• [Provided data]:

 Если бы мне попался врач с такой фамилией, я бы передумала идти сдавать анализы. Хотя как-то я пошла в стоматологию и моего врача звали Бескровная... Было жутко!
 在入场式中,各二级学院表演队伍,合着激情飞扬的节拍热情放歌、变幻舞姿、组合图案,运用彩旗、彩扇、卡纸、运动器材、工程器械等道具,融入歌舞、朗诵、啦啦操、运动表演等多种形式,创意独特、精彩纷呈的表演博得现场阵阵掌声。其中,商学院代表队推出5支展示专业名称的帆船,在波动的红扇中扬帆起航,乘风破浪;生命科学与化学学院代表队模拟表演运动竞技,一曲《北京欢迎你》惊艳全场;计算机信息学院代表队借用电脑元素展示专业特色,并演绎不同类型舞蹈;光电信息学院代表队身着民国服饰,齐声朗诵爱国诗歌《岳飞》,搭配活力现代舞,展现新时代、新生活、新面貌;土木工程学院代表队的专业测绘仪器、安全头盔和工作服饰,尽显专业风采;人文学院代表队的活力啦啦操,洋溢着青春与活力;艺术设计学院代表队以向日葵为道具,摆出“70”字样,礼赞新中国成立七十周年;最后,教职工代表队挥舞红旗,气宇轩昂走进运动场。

==

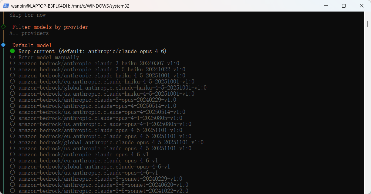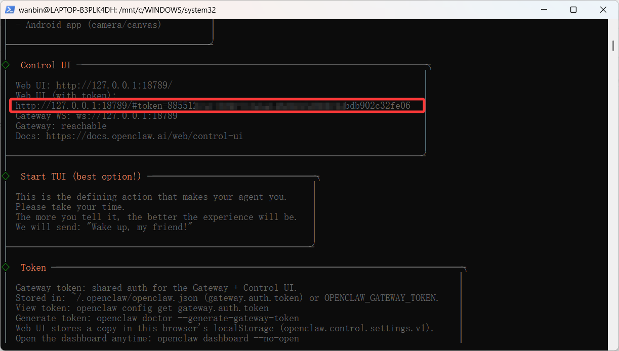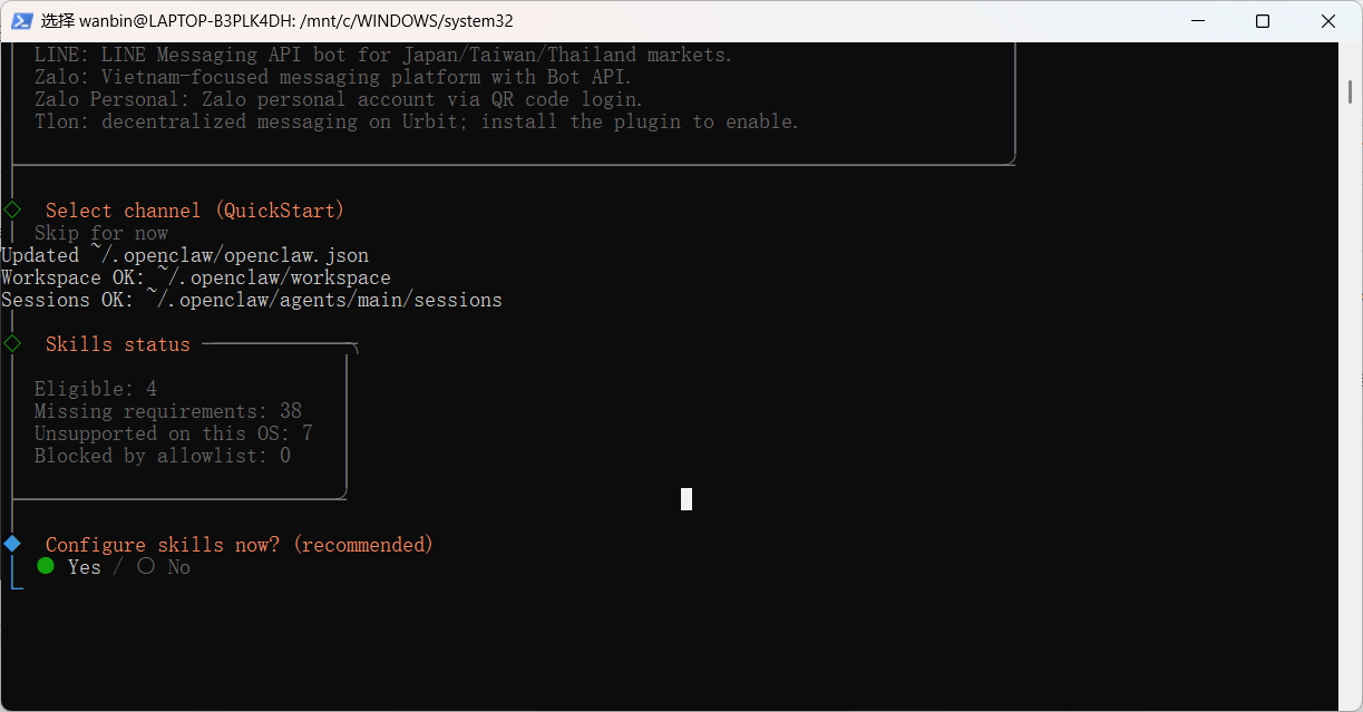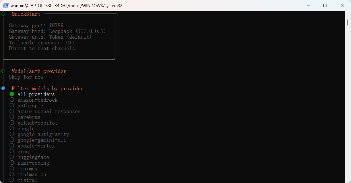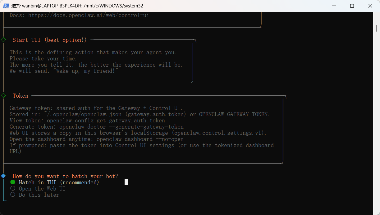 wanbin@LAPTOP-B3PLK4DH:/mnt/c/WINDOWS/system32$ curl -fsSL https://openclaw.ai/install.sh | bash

==

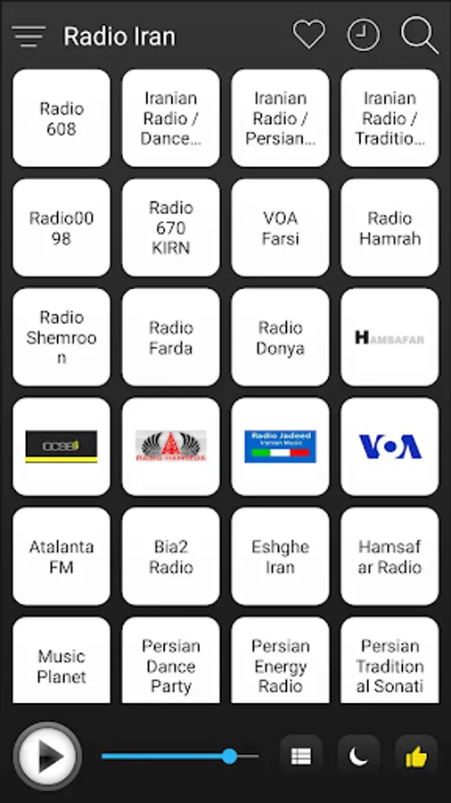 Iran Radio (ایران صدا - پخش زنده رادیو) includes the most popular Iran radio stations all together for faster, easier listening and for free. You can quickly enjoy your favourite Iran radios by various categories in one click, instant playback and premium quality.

• [What you have to do]:
Reproduce exactly the stretch of the material above that starts at the line with "Если бы мне" and ends at the line with "在入场式中,各二级学院表演队", both included, and nothing else.

• [Solution to the exercise]:
 Если бы мне попался врач с такой фамилией, я бы передумала идти сдавать анализы. Хотя как-то я пошла в стоматологию и моего врача звали Бескровная... Было жутко!
 在入场式中,各二级学院表演队伍,合着激情飞扬的节拍热情放歌、变幻舞姿、组合图案,运用彩旗、彩扇、卡纸、运动器材、工程器械等道具,融入歌舞、朗诵、啦啦操、运动表演等多种形式,创意独特、精彩纷呈的表演博得现场阵阵掌声。其中,商学院代表队推出5支展示专业名称的帆船,在波动的红扇中扬帆起航,乘风破浪;生命科学与化学学院代表队模拟表演运动竞技,一曲《北京欢迎你》惊艳全场;计算机信息学院代表队借用电脑元素展示专业特色,并演绎不同类型舞蹈;光电信息学院代表队身着民国服饰,齐声朗诵爱国诗歌《岳飞》,搭配活力现代舞,展现新时代、新生活、新面貌;土木工程学院代表队的专业测绘仪器、安全头盔和工作服饰,尽显专业风采;人文学院代表队的活力啦啦操,洋溢着青春与活力;艺术设计学院代表队以向日葵为道具,摆出“70”字样,礼赞新中国成立七十周年;最后,教职工代表队挥舞红旗,气宇轩昂走进运动场。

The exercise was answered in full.